In May 1937 Bruen travelled to Royal St George's Golf Club for his first Amateur Championship. Prior to main event he was runner-up in the St George's Vase and, the following day, in the Prince of Wales Cup. In the Amateur Championship, three day later, he met American Dick Chapman in his first match and lost 2&1. In June, Bruen won the Irish Amateur Close Championship at Ballybunion Golf Club, beating five-times champion, John Burke, in the final. In July, he played in the Irish Open and finished as leading amateur, tied for 6th place. Bruen chose not to play in the Boys Amateur Championship but was selected for the Irish team in the annual amateur international matches, which took place in early September. He then played in the Irish Amateur Open Championship but lost in the first round to J A Flaherty.

The early part of 1938 was dominated by the Walker Cup. Trials were arranged in early May, at which Bruen performed exceptionally well and he was selected for the event in early June at St Andrews. Bruen missed the Amateur Championship in late May. In the Walker Cup foursomes he played with Harry Bentley in the first match. They were 3 down at lunch but recovered to halve the match. On the second day Bruen was again out first against Charlie Yates, who had won the Amateur Championship the previous week. Bruen was again 3 down at lunch and eventually lost 2&1. Despite Bruen's disappointment the match was won 7–4 by the British team with one match halved. This was their first win in the Walker Cup after 9 defeats and they wouldn't win again until 1971. Later in the month, Bruen successfully defended the Irish Amateur Close Championship at Castle Golf Club, beating Redmond Simcox 3&2 in the final.

In July Bruen entered the Open Championship for the first time. He qualified comfortably with rounds of 73 and 76. In the first round at Royal St George's Golf Club he scored 70 to be joint leader but took 80 on the second day. At the time 36 holes were played on the final day and the field was restricted to a maximum of 40. Bruen was tied for 43rd and missed the cut. Later in the month he played in the Irish Open and again finished as leading amateur, tied for 10th place.
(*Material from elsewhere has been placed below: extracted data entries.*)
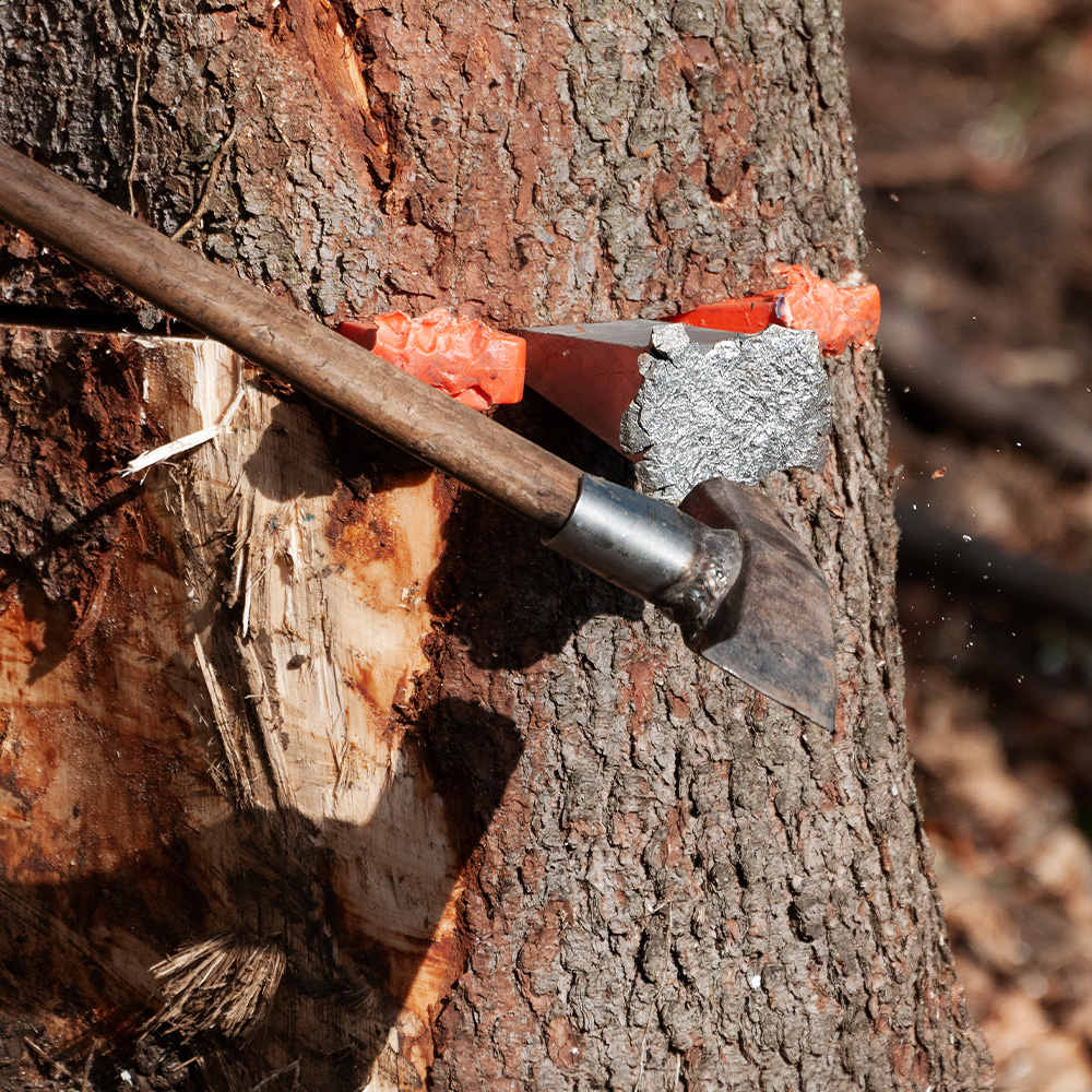 - Fällkeil: Diese Keile werden verwendet, um Bäume sicher und kontrolliert zu fällen. Nachdem der Fällschnitt am Baum vorgenommen wurde, wird der Fällkeil in den Schnittspalt geschlagen. Dadurch wird der Spalt verbreitert und der Baum in die gewünschte Fallrichtung gelenkt. Besonders nützlich sind mechanische Fällkeile, die durch eine eingebaute Mechanik eine zusätzliche Spreizkraft erzeugen. Dies reduziert den körperlichen Kraftaufwand und erhöht die Präzision beim Fällen des Baumes.
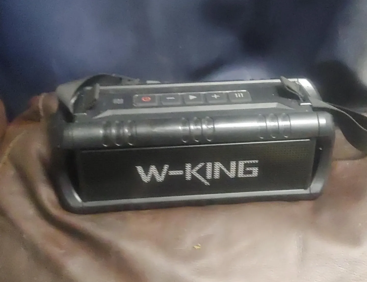 This is a W-KING portable speaker. It's black and has a strap for easy carrying. Controls are on top. It's great for on-the-go music! But there's no charger
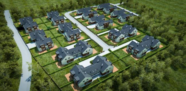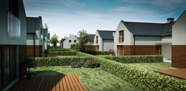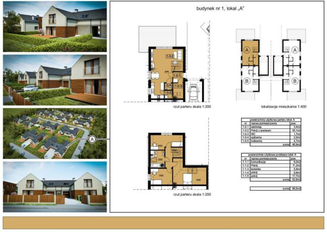 Propozycja obejmuje 12 dwulokalowych bliźniaków o jednakowym, nowoczesnym charakterze. Bryła składa się z połączenia dwóch prostych bliźniaków o dachu dwuspadowym i prostopadłym względem nich budynku garażu, również o dachu dwuspadowym. Każdy lokal ma zapewniony dostęp do terenu zielonego.
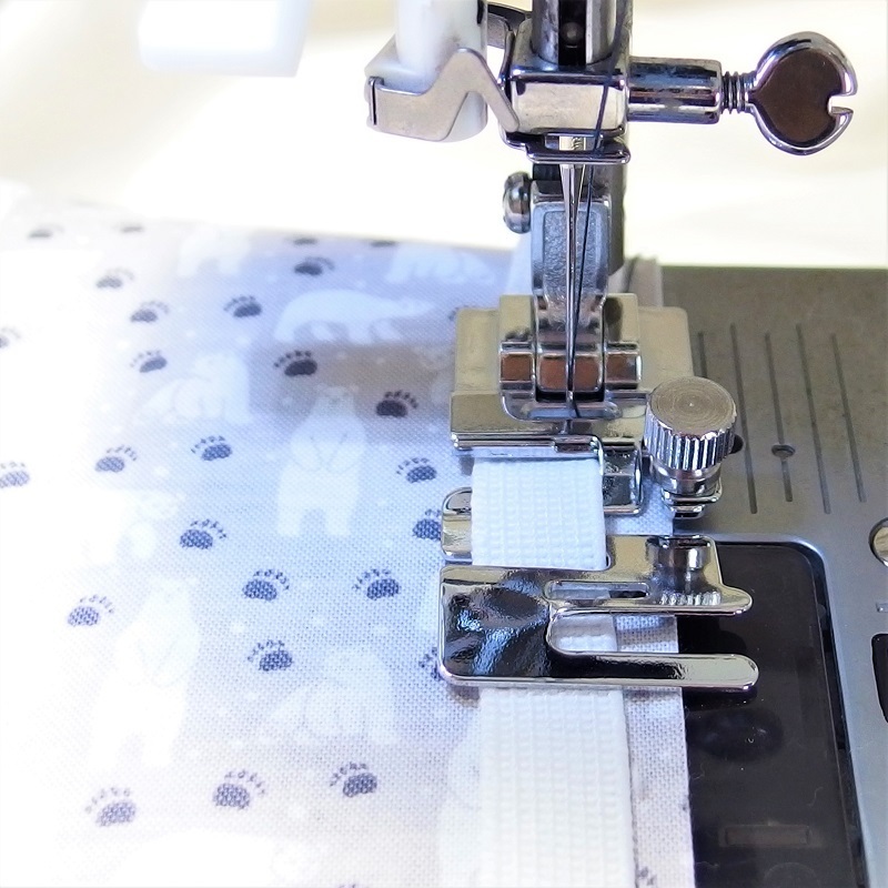 ゴムだけではなく、リボンなども綺麗に縫えます。

In the Irish Amateur Open Championship in September he won most of his matches comfortably and beat James Mahon 9&8 in the 36-hole final, becoming the first golfer to win both Irish Amateur titles in the same year since 1911.

Bruen played in the 1939 Amateur Championship at Royal Liverpool Golf Club. He reached the quarter-final where he lost to eventual winner Alex Kyle. In a close match Kyle was 1 up as they reached the final hole, Kyle having won the long 16th with a birdie 4. Kyle put his second shot into a bunker 40 yards from the hole while Bruen was 10 to 12 feet from the hole in two. Kyle then played from under the lip of the bunker to 4 feet and also stymied Bruen. Bruen two-putted and Kyle holed his putt for the match. In the Irish Amateur Close Championship at Rosses Point Golf Club the following month, Bruen again lost at the quarter-final stage, beaten by eventual winner Gerry Owens. In July Bruen played in the Open Championship at St Andrews. In qualifying he had two rounds of 69 on the Old and New Courses to lead the field by 4 strokes. In the Championship itself he had steady rounds of 72-75-75-76 and finished in a tie for 13th place, the leading amateur, despite a 9 at the 6th hole of the final round. In the Irish Open two weeks later, Bruen led after rounds of 66 and 74. On the final day he scored 75 and 81 to drop into 6th place, leading amateur for the third successive year.

With the start of World War II important amateur events in the United Kingdom came to a stop. The Irish Amateur Close Championship was held in 1940 with Bruen losing at the last-16 stage. Thereafter both the Open and Close events were cancelled, resuming in 1946, although some domestic Irish events continued.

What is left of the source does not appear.